◆ Records to process:
══════

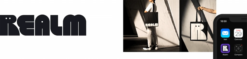 Realm est un producteur américain de podcasts et de livres audio de fiction, du « cinéma pour vos oreilles », d’où le recours à Ruby, la mascotte rigolote qui tient le rôle du R et qui définit le reste du logo. Realm illustre aussi le retour en force des polices des années 70 qui soufflent un vent de fraîcheur sur le monde souvent aride de la typographie. C’est une création de Mother Design, de New York.
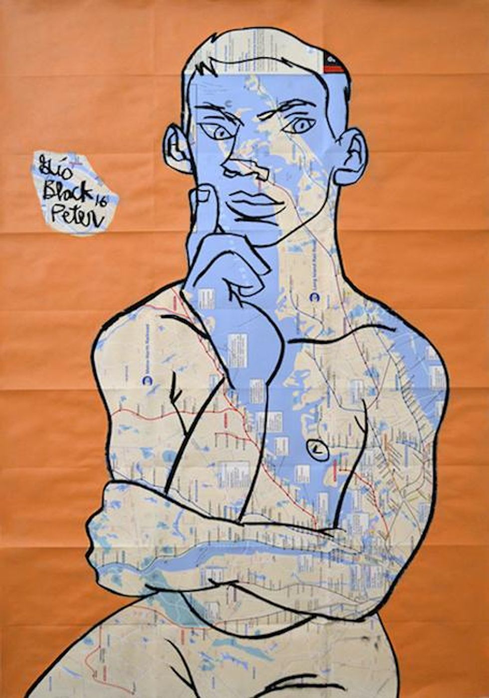 Known for his erotic male nudes and collages using subway maps, artist Gio Black Peter is showing new work in If We Do Not Destroy Ourselves, an exhibition on view through May 26 at Casa de Costa, in New York.
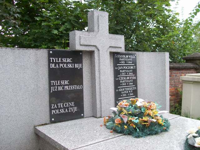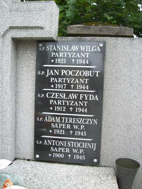 Pochowano tu trzech partyzantów poległych w 1944 r. i dwóch saperów Wojska Polskiego poległych w 1945 r.
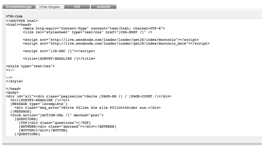 Insert your entire html source code. By creating a new template, newsletterprofi.services generates a sample html source code with all important survey-placeholders automatically in this tab.
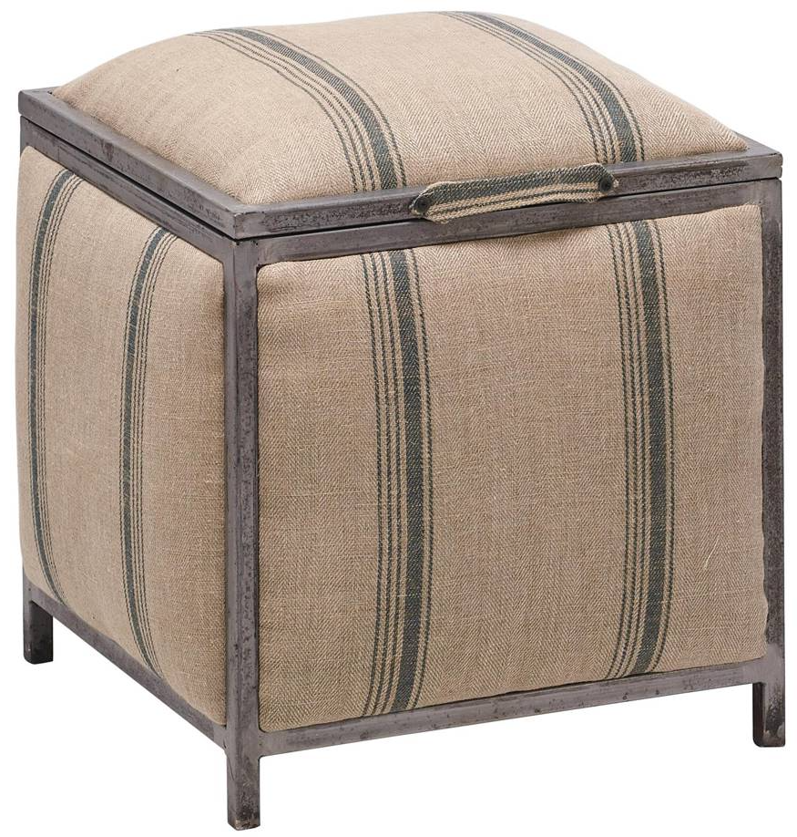 The frame of this versatile storage ottoman is constructed, using MIG welding joint methods, of cast iron in a brushed finish. Features include include slow close hinges and offset striped linen upholstery.Read More
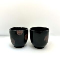 Ces tasses à espresso sont façonnées à la main en grès rouge de Bourgogne puis recouvertes d’un émail noir brillant. Chaque pièce est ponctuée de motifs légers, semblables à des fleurs blanches qu’on souffle et qui s’envolent — comme des pétales ou des graines de pissenlit. Le contraste entre le fond sombre et les empreintes cuivrées crée une esthétique poétique et discrète.
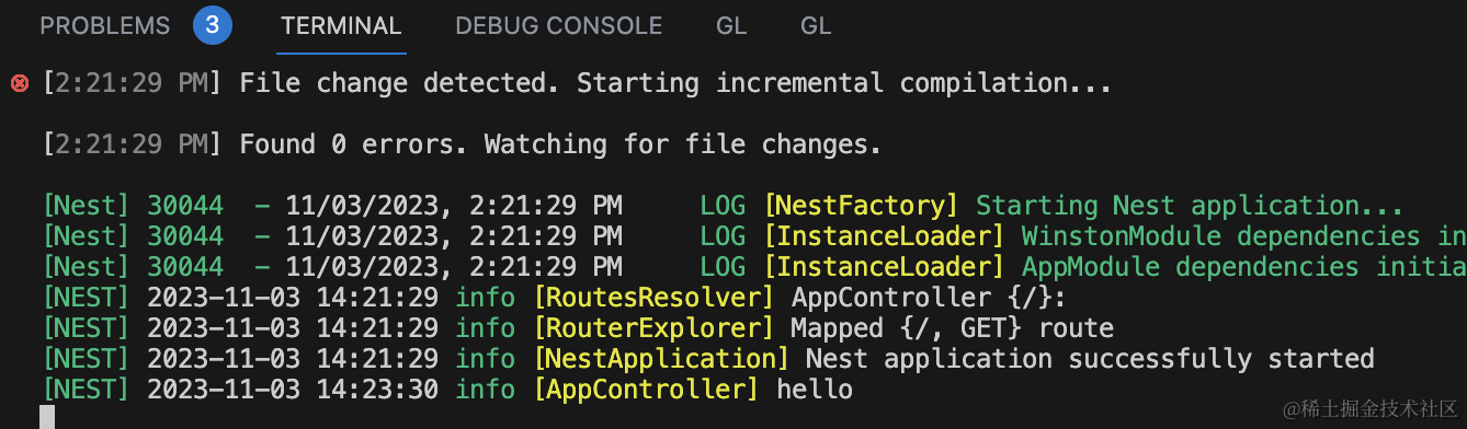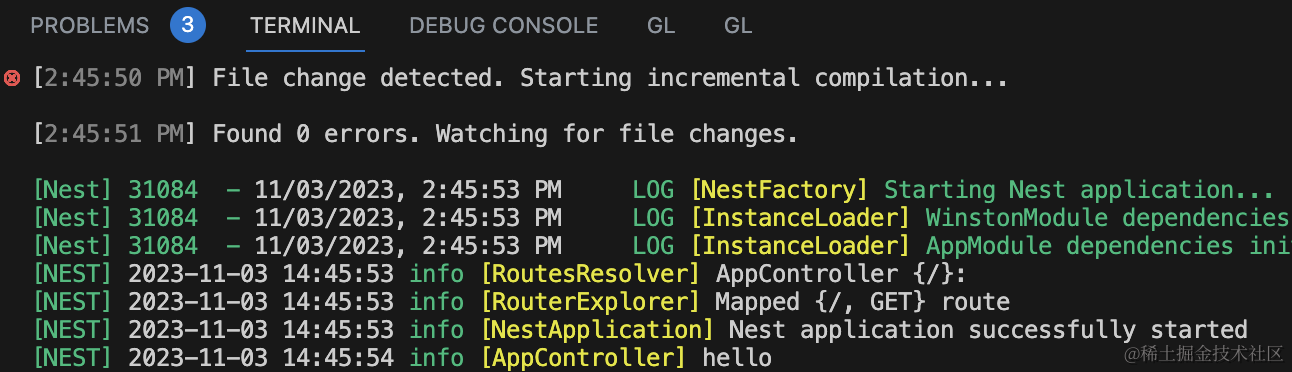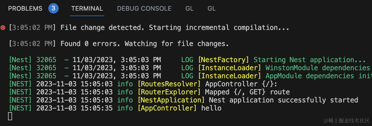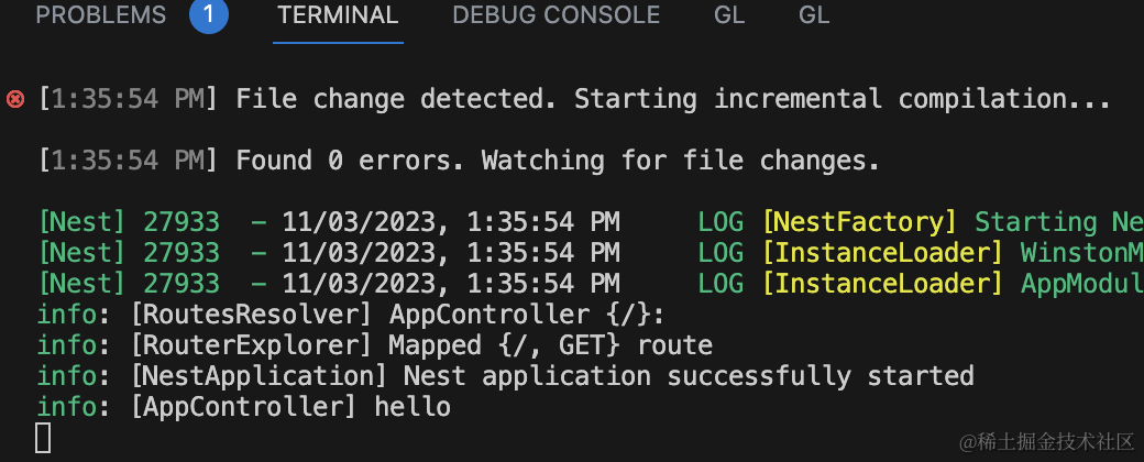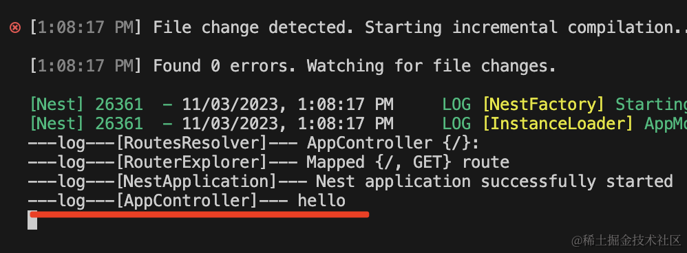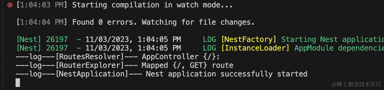 npm run start:dev现在的 logger 就换成我们自己的了。

══════

◆ Aim of the task: Please write out exactly, and only, the lines from the beginning of the entries through the line containing "Known for his", including both and skipping all pictures.

◆ Exercise result:
 Realm est un producteur américain de podcasts et de livres audio de fiction, du « cinéma pour vos oreilles », d’où le recours à Ruby, la mascotte rigolote qui tient le rôle du R et qui définit le reste du logo. Realm illustre aussi le retour en force des polices des années 70 qui soufflent un vent de fraîcheur sur le monde souvent aride de la typographie. C’est une création de Mother Design, de New York.
 Known for his erotic male nudes and collages using subway maps, artist Gio Black Peter is showing new work in If We Do Not Destroy Ourselves, an exhibition on view through May 26 at Casa de Costa, in New York.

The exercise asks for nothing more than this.